Electronic Medical Records (EMRs)

Linda Branagan

Linda Branagan, Director, Telemedicing Products, Medweb, expanded on the discussion of EMRs and PHRs.  She noted that there are 3 types of PHRs:

  • Type 1 PHRs are patient owned and maintained.  They are a digital record of all one’s interactions with a healthcare provider and may be provided to the patient by the provider or a third party.  They are not covered by HIPAA privacy laws.  Both Google and Microsoft have developed products for maintaining these types of PHRs.
  • Type 2 PHRs are “tethered” to an EMR system.  They provide data on appointments, lab results (especially if they are normal), prescriptions, etc. and are generally stored and maintained by healthcare providers.
  • Type 3 PHRs are a self-created data store like MedHelp.

PHRs have not been universally embraced by healthcare providers because providers do not trust them and also because of a fear of liability issues (the data could be used by lawyers in litigation, for example).  On a positive note, however, some providers are making use of PHRs because they can prevent duplicate tests, and they are useful in coordinating care in complex cases.

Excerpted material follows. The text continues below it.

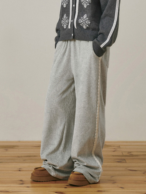 [벨로엘] 벨벳 레이스 트랙 팬츠 멜란지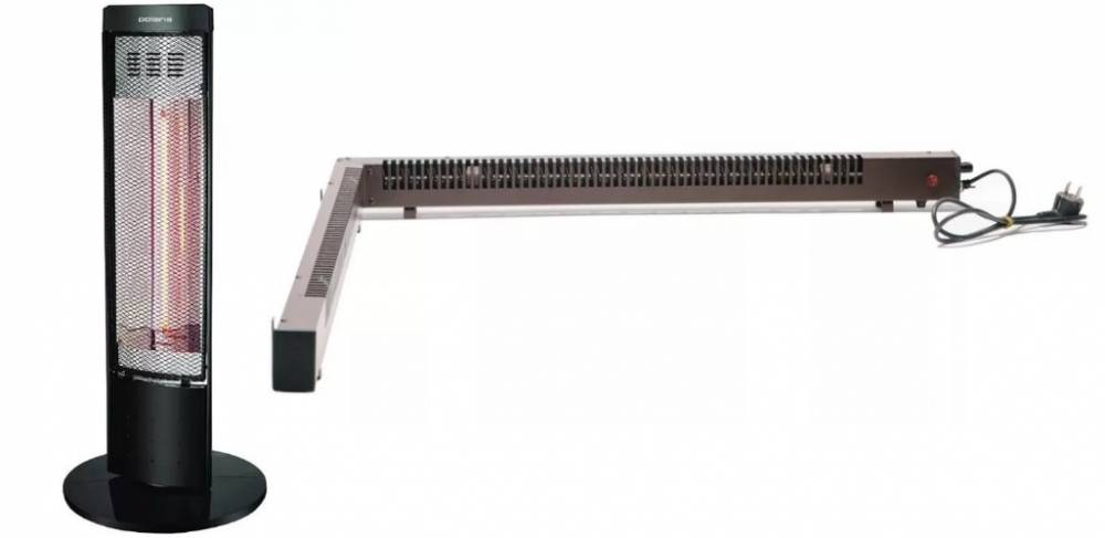 Напольные электроприборы отличаются меньшей эффективностью, по сравнению с потолочными, потому что поток излучения у них направляется не прямо, тем самым обогрев усложняется. Для домашнего применения лучше всего выбирать прогрессивные карбоновые устройства. Их нагревательные элементы выполнены в виде кварцевой трубки с углеродной спиралью внутри. Хотя при работе они излучают не слишком приятное для органов зрения красноватое свечение. Керамический элемент так не светится, зато уступает по качеству.

The amount of personal health information in digital form continues to increase.  The decision whether to make it public is a personal one.  Things to consider are the risk of disclosure vs. help from family and friends and the usefulness it would provide to healthcare providers.

Don Hawkins
Columnist, Information Today and Conference Circuit Blog Editor

Digital forensication refers to using digital methods, concepts, and tools in contexts other than criminal investigations.  According to Cal Lee from the University of North Carolina (UNC),  efforts have recently been made to connect the forensics and archiving areas.

Institutions are receiving media and want to collect the online traces of individuals.  In response, UNC has created a learning laboratory for studying the application of digital forensics to the acquisition of digital materials, including training, hardware, and software for running exercises.   It also includes creating, annotation, and disseminating data that can be used for instruction.  The Digital Corpora website has a variety of case studies and training aids, such as typical scenarios and problems to be solved.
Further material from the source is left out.